Transcendence of elliptic modular functions in characteristic \(p\) (Q1914023)

The paper under review is devoted to the study of transcendence properties of the Tate elliptic curve \(y^2+ xy= x^3+ a_4 x+a_6\), defined in positive characteristic, say \(p\), where \[ a_4= -5 \sum_{n\geq 1} n^3 q^n/ (1- q^n), \qquad a_6= (-1/12) \sum_{n\geq 1} (7n^5+ 5n^3) q^n/ (1- q^n) \] for \(q\) transcendental over the algebraic closure \(k\) of \(\mathbb{F}_p\). By using Igusa theory, the author proves the transcendence of \(q\) over \(k (a_4, a_6)\) and the transcendence over \(k(a_4, a_6)\) of parameters of algebraic points of the Tate elliptic curve.

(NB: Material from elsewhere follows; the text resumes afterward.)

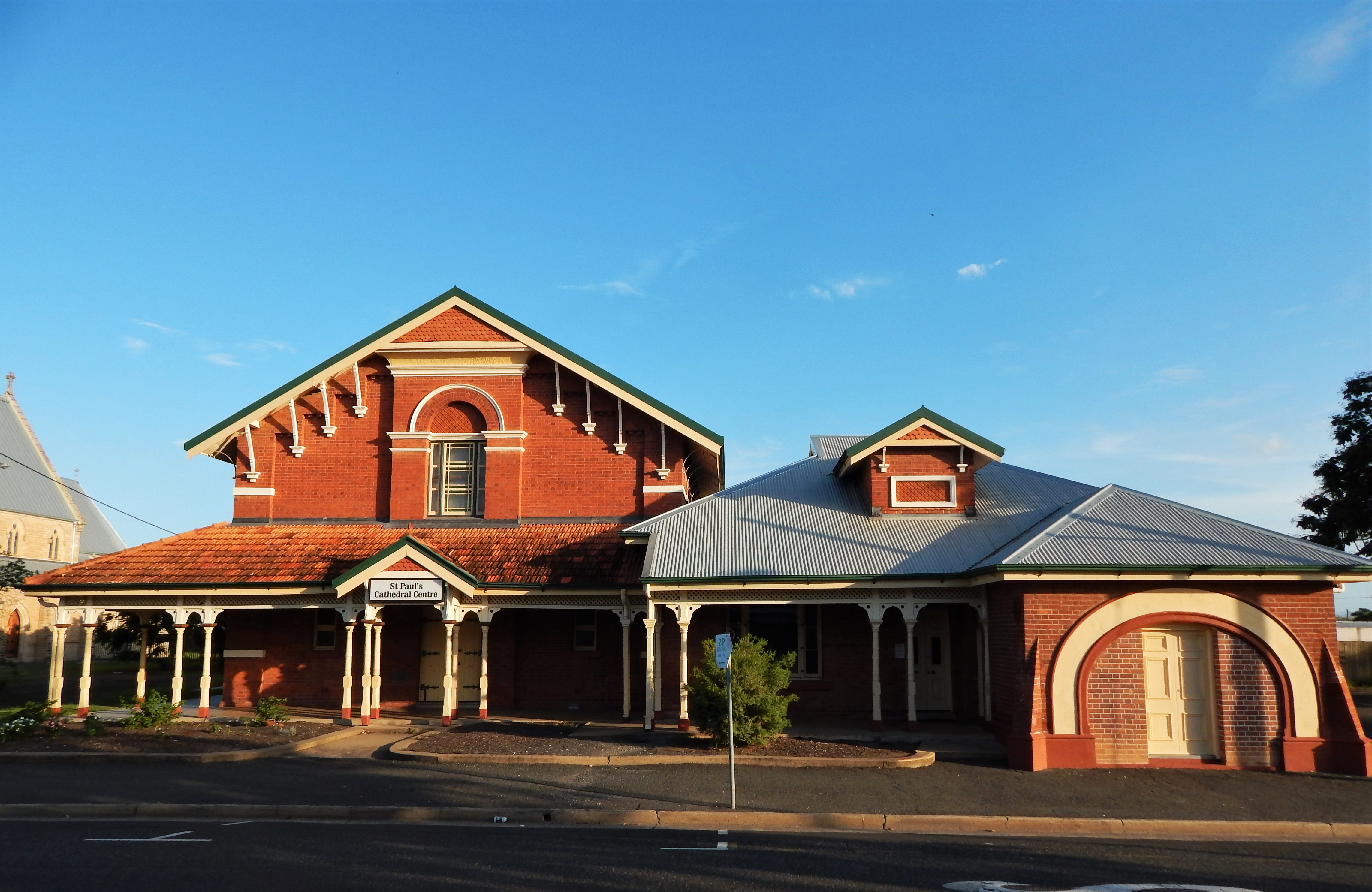 The heritage-listed St Paul's Anglican Cathedral Hall at 89 William Street, located next to St Paul's Cathedral. From 1901 until 1912, it housed the St Paul's Day School, and was the scene of the 1910 murder of Emily Salsbury who was gunned down at close range in front of horrified onlookers, in what was dubbed "The William Street Tragedy".

The first of these two results can be seen as the analogue of the theorem of Siegel and Schneider on the transcendence of periods of elliptic curves defined over algebraic number fields, or as the analogue of the Mahler-Manin conjecture, proved by \textit{L. Barré-Sirieix}, \textit{G. Diaz}, \textit{F. Gramain} and \textit{G. Philibert} [Invent. Math. 124, 1-9 (1996; Zbl 0853.11059)], whereas the second of these results is the analogue of the transcendence of the elliptic logarithm of algebraic points on elliptic curves. Let us note that \textit{D. S. Thakur} [J. Number Theory 58, 60-63 (1996; Zbl 0853.11060)] has given another proof of the transcendence of the period based on the theory of automata.